ANALYSIS OF MARCH 17, 2022 SUPREME COURT OPINION

 

 

(Posted March 18, 2022) I was away from the keyboard yesterday, when the Robes slipped in one short published opinion. Let’s take a look and see what they have wrought. In doing so, I’ll be careful to type quietly, for the benefit of those of you who may be suffering from too much partying yesterday. I’m referring to the Richmond Spiders’ latest upset win in the NCAA Tournament, of course; not that other holiday.

 

Pleas in bar

The court takes up a challenge to a collection action in California Condominium Ass’n v. Peterson, from here in Virginia Beach. It relates to some old unpaid condo assessment fees. Peterson and his wife didn’t pay the assessment back in 2006, so the association slapped liens against their properties and allowed the matter to lie fallow for an extended amount of time.

In 2015, the husband and wife reached agreement on a divorce agreement. The husband got the condo units and agreed to hold his soon-to-be-ex harmless from “any liability, costs, and expenses she may incur as a result of Husband’s failure to pay the mortgage and all other expenses related to the property.”

The condo association somehow got wind of this agreement and sued the husband for nonpayment of the old assessment. The suit sought money damages for his breach of the condo declaration. The husband filed a special plea, asserting that two statutes of limitations shielded him from liability: the three-year limit for suing to enforce condo liens, and the general five-year limitation for breach of written contracts. Both of those deadlines had long expired by the time the association went to court.

The association replied that the husband’s agreement with his wife was a fresh undertaking to pay the debt, and it filed suit well within the limitations period after he signed it. It also pointed to a provision that required payment in full of unpaid fees and assessments whenever the property was sold.

While these are interesting legal and factual issues, this case turns on the procedure used in the ensuing plea-in-bar hearing. There, the association handed up a binder with numerous documents. The husband’s lawyer agreed that the lawyers could refer to these documents while examining witnesses, but reserved objections to their admission in evidence. The judge agreed to “simply lodge” the binder and to take up later the admission of exhibits into evidence.

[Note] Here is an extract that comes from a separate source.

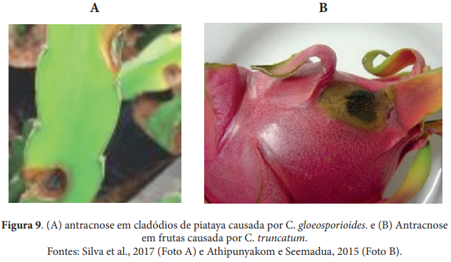 Na pitaya, uma porta de entrada é o contato do resto floral com o fruto, o qual por ter microclima mais úmido e justamente na interface do fruto, favorece a penetração do patógeno.

Except no one ever got around to moving to admit the documents – other than the lien memoranda – into evidence. In a subsequent letter opinion, the judge noted this failure and ruled that he accordingly couldn’t consider the condo declaration in making his ruling. The court accordingly ruled in favor of the husband, sustaining the plea in bar and dismissing the case.

The justices today reverse this ruling and send the case back for reevaluation. They hold that while this was calendared as an evidentiary hearing on the plea in bar, in reality it asserted that the suit was legally nonmeritorious, regardless of the evidence. The justices today elect to treat this as effectively a demurrer – the husband called no witnesses at the hearing and asserted that he should win as a matter of law.

This means that the court reads the case with the exhibits attached to the complaint, and those included the declaration, the deed, and the settlement statement. Viewing these, a circuit court can indeed evaluate whether, as the association insists, the pay-on-sale language in the condo declaration constitutes a new undertaking. The court remands the case for that hearing, declining to make the judgment call in the first instance. It includes a subtle reference to an earlier opinion – like today’s, authored by Justice Kelsey – in which it evaluated similar issues.

Alas, that hearing will occur before a different jurist of the Virginia Beach Circuit Court. The judge who originally decided this case was Glenn Croshaw, a long-time friend of mine who died late last year after an extended illness. Glenn was a true gentleman who served the Commonwealth with distinction as a citizen legislator and then as a jurist. We here in Virginia Beach are the poorer for his passing.